[Items from a data source]
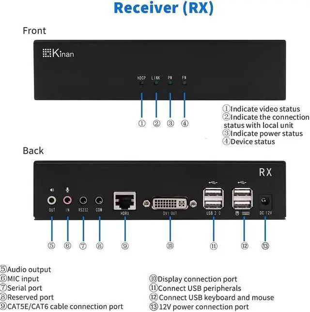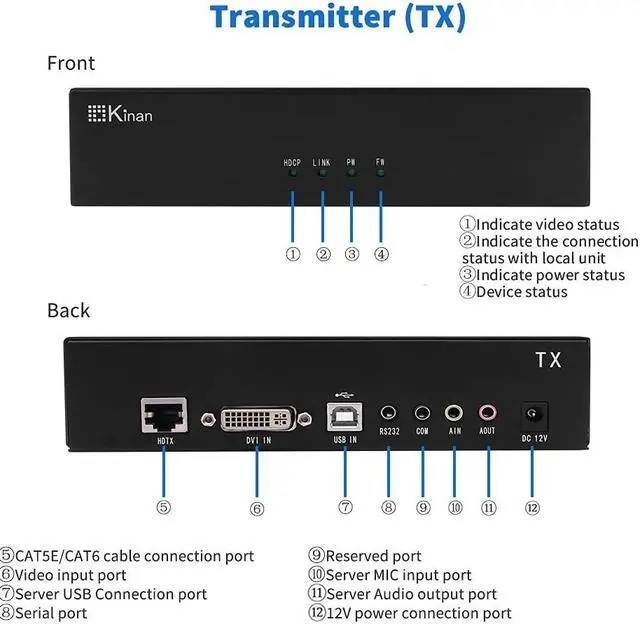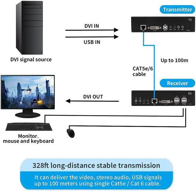 328ft Long-Distance Stable Transmission: This USB DVI KVM extender kit(Transmitter + Receiver) delivers HD DVI video, USB, and stereo audio signals up to 328ft(100m) via a single CAT5/5e/6 cable. Zero latency and no compression.Efficiently extend your keyboard, mouse, and monitor away from your PC or server, enhancing workspace flexibility.
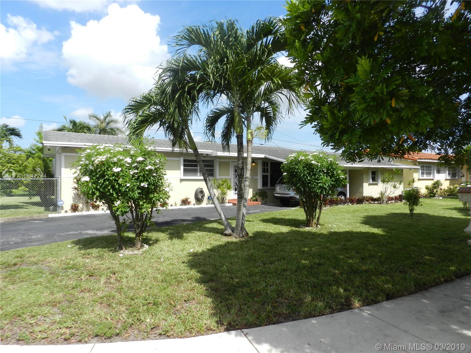 Palm Springs Gem! So many amazing things to say about this home! Impeccably clean and ready for a new owner! True 3 bedrooms, Florida room (currently used as dining room), large corner lot with backyard completely fenced in, master bathroom beautifully remodeled 2016, AC replaced 2016, water heater replaced 2017, Roof replaced 2006, Accordian shutters throughout, Impact glass in front picture window, eat in kitchen, gas appliances (range, dryer, and water heater), huge laundry/utility room, covered patio area, sprinkler system on well water, multiple fruit trees (Mango, Naranja Agria, Canistel, and Guanavana), and shed included. Close to Palm Springs Mile, Amelia Earhart Park, and easy access onto highways!
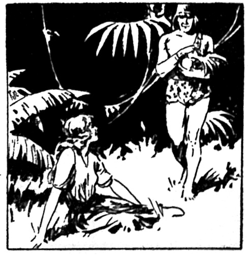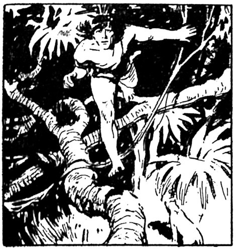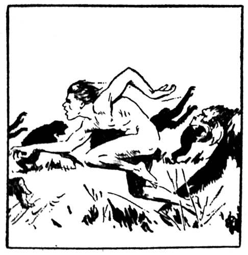 Again, Tarzan accepted a challenge. He was to kill a lion single-handed. Naked he went into the jungle armed only with knife and rope. With his wild-days methods, at last he got the beast. Shouting the awesome victory cry, he shouldered the carcass, returned to the amazed group, and claimed the reward.
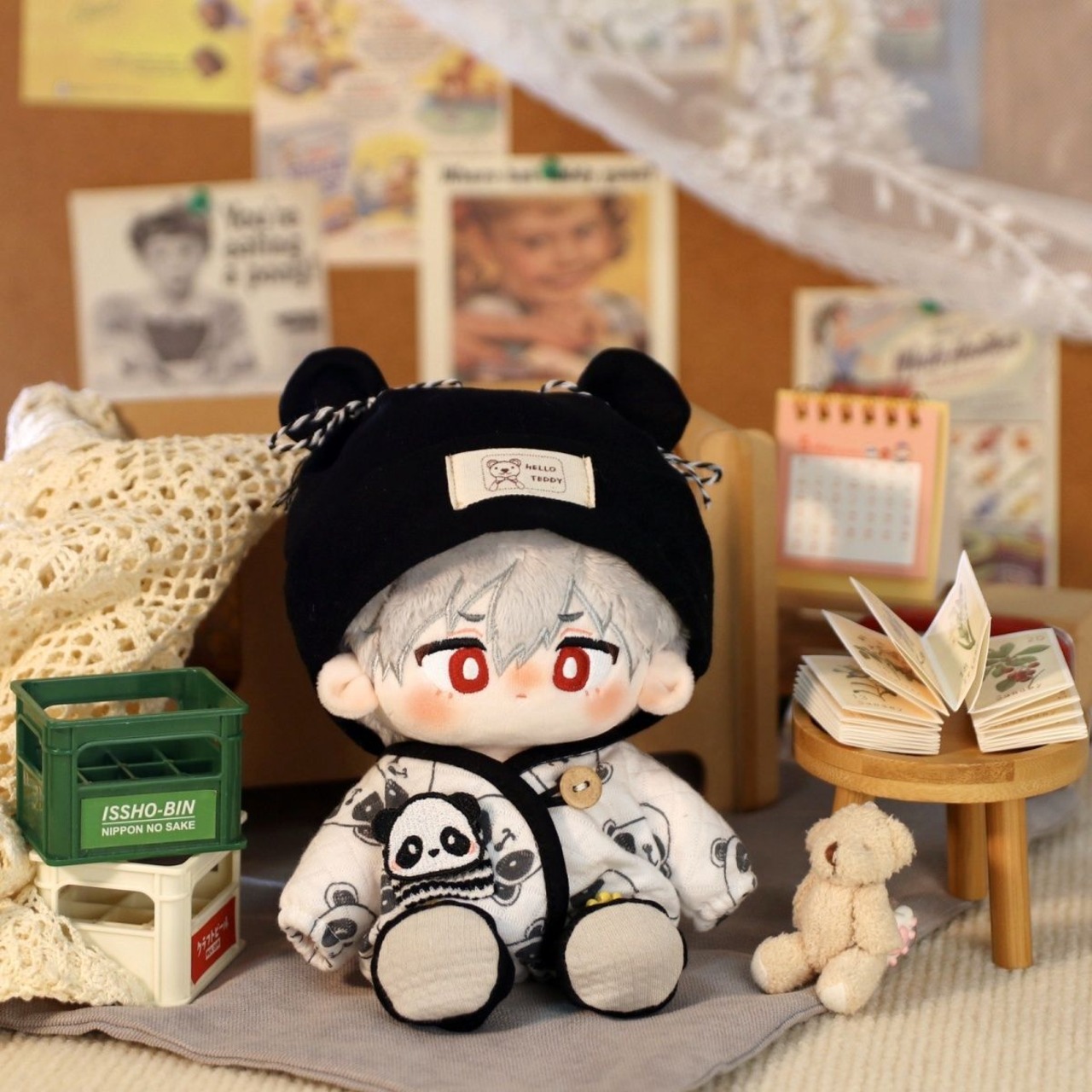 3点セット 20cm 着せ替えぬいぐるみ用服 パンダ ジャンプスーツ 帽子 靴下コスチューム 着せ替え人形洋服 人形服 ミニ洋服 綿人形衣装 ドールウェア アクセサリー
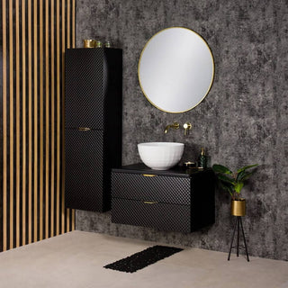 Siauriausios iš Glow serijos vonios spintelių yra 80 centimetrų pločio. Šiame variante panaudotos subtilios auksinės spalvos rankenos, kurios sulaužo iš grūdinto stiklo fasadų spalvas ir suteikia visumai išskirtinio, itin modernaus charakterio. Dėl nedidelio pločio tai bus puikus baldas mažam vonios kambariui, o gilaus stalviršio praustuvo naudojimas leido efektyviai išnaudoti erdvę spintelės viduje, o tai palengvins sutvarkymą. Pats praustuvas pagamintas iš balto dolomito su įdomiu raštu ir puikiai papildo stilistinę Glow serijos koncepciją.
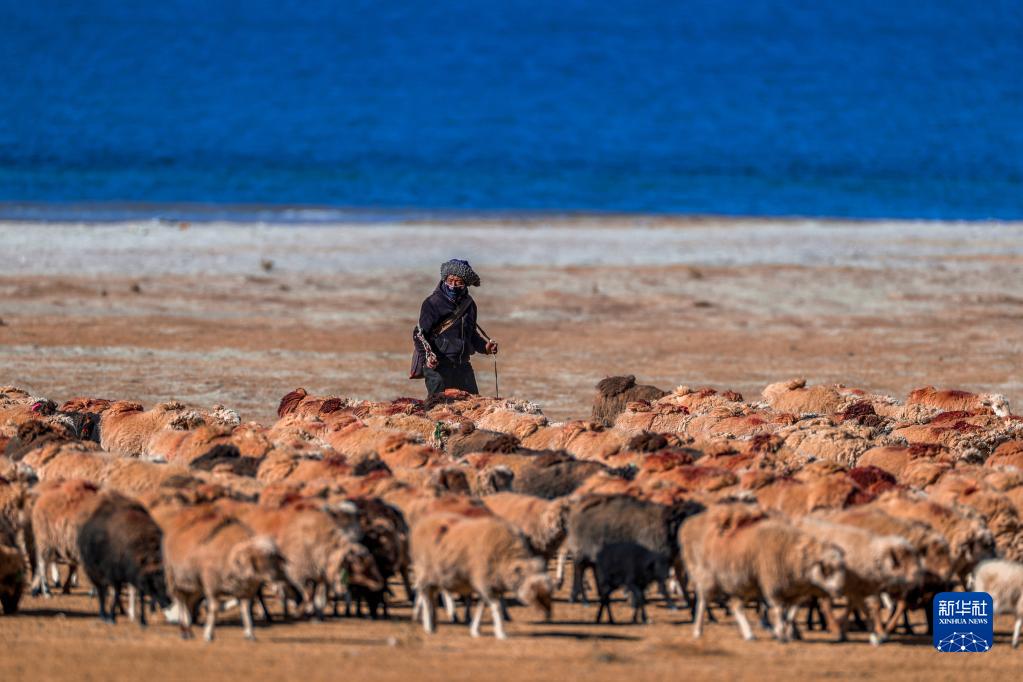 牧民在羊卓雍錯湖邊放羊(12月11日攝)。新華社記者 姜帆 攝
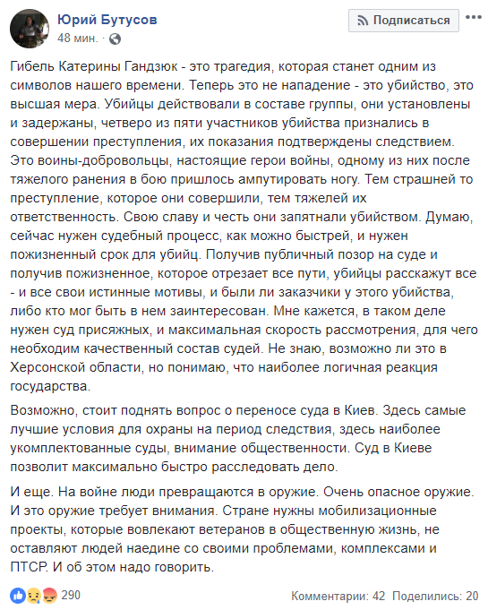 "Гибель Катерины Гандзюк – это трагедия, которая станет одним из символов нашего времени. Теперь это не нападение – это убийство, это высшая мера. Убийцы действовали в составе группы, они установлены и задержаны, четверо из пяти участников убийства признались в совершении преступления, их показания подтверждены следствием. Это воины-добровольцы, настоящие герои войны, одному из них после тяжелого ранения в бою пришлось ампутировать ногу. Тем страшней то преступление, которое они совершили, тем тяжелей их ответственность. Свою славу и честь они запятнали убийством. Думаю, сейчас нужен судебный процесс, как можно быстрей, и нужен пожизненный срок для убийц. Получив публичный позор на суде и получив пожизненное, которое отрезает все пути, убийцы расскажут все – и все свои истинные мотивы, и были ли заказчики у этого убийства либо кто мог быть в нем заинтересован. Мне кажется, в таком деле нужны суд присяжных и максимальная скорость рассмотрения, для чего необходим качественный состав судей. Не знаю, возможно ли это в Херсонской области, но понимаю, что наиболее логичная реакция государства", – пишет журналист Юрий Бутусов.
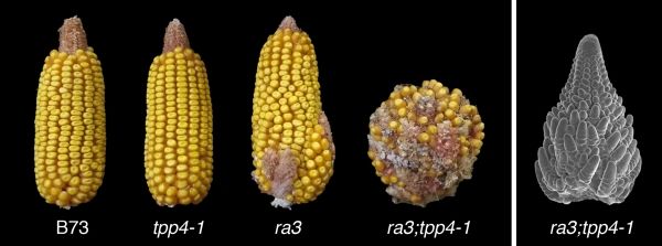 Image: Representative mature ears of genetically unaltered maize, maize with the tpp4 gene blocked, maize with the ra3 gene blocked and maize with both the ra3 and tpp4 genes blocked. Branching in the ear was observed when researchers blocked vital genes as compared to the normal unaltered maize.

Work to complete: Your answer must be an exact copy of the records, without the pictures.

Response:
 328ft Long-Distance Stable Transmission: This USB DVI KVM extender kit(Transmitter + Receiver) delivers HD DVI video, USB, and stereo audio signals up to 328ft(100m) via a single CAT5/5e/6 cable. Zero latency and no compression.Efficiently extend your keyboard, mouse, and monitor away from your PC or server, enhancing workspace flexibility.
 Palm Springs Gem! So many amazing things to say about this home! Impeccably clean and ready for a new owner! True 3 bedrooms, Florida room (currently used as dining room), large corner lot with backyard completely fenced in, master bathroom beautifully remodeled 2016, AC replaced 2016, water heater replaced 2017, Roof replaced 2006, Accordian shutters throughout, Impact glass in front picture window, eat in kitchen, gas appliances (range, dryer, and water heater), huge laundry/utility room, covered patio area, sprinkler system on well water, multiple fruit trees (Mango, Naranja Agria, Canistel, and Guanavana), and shed included. Close to Palm Springs Mile, Amelia Earhart Park, and easy access onto highways!
 Again, Tarzan accepted a challenge. He was to kill a lion single-handed. Naked he went into the jungle armed only with knife and rope. With his wild-days methods, at last he got the beast. Shouting the awesome victory cry, he shouldered the carcass, returned to the amazed group, and claimed the reward.
 3点セット 20cm 着せ替えぬいぐるみ用服 パンダ ジャンプスーツ 帽子 靴下コスチューム 着せ替え人形洋服 人形服 ミニ洋服 綿人形衣装 ドールウェア アクセサリー
 Siauriausios iš Glow serijos vonios spintelių yra 80 centimetrų pločio. Šiame variante panaudotos subtilios auksinės spalvos rankenos, kurios sulaužo iš grūdinto stiklo fasadų spalvas ir suteikia visumai išskirtinio, itin modernaus charakterio. Dėl nedidelio pločio tai bus puikus baldas mažam vonios kambariui, o gilaus stalviršio praustuvo naudojimas leido efektyviai išnaudoti erdvę spintelės viduje, o tai palengvins sutvarkymą. Pats praustuvas pagamintas iš balto dolomito su įdomiu raštu ir puikiai papildo stilistinę Glow serijos koncepciją.
 牧民在羊卓雍錯湖邊放羊(12月11日攝)。新華社記者 姜帆 攝
 "Гибель Катерины Гандзюк – это трагедия, которая станет одним из символов нашего времени. Теперь это не нападение – это убийство, это высшая мера. Убийцы действовали в составе группы, они установлены и задержаны, четверо из пяти участников убийства признались в совершении преступления, их показания подтверждены следствием. Это воины-добровольцы, настоящие герои войны, одному из них после тяжелого ранения в бою пришлось ампутировать ногу. Тем страшней то преступление, которое они совершили, тем тяжелей их ответственность. Свою славу и честь они запятнали убийством. Думаю, сейчас нужен судебный процесс, как можно быстрей, и нужен пожизненный срок для убийц. Получив публичный позор на суде и получив пожизненное, которое отрезает все пути, убийцы расскажут все – и все свои истинные мотивы, и были ли заказчики у этого убийства либо кто мог быть в нем заинтересован. Мне кажется, в таком деле нужны суд присяжных и максимальная скорость рассмотрения, для чего необходим качественный состав судей. Не знаю, возможно ли это в Херсонской области, но понимаю, что наиболее логичная реакция государства", – пишет журналист Юрий Бутусов.
 Image: Representative mature ears of genetically unaltered maize, maize with the tpp4 gene blocked, maize with the ra3 gene blocked and maize with both the ra3 and tpp4 genes blocked. Branching in the ear was observed when researchers blocked vital genes as compared to the normal unaltered maize.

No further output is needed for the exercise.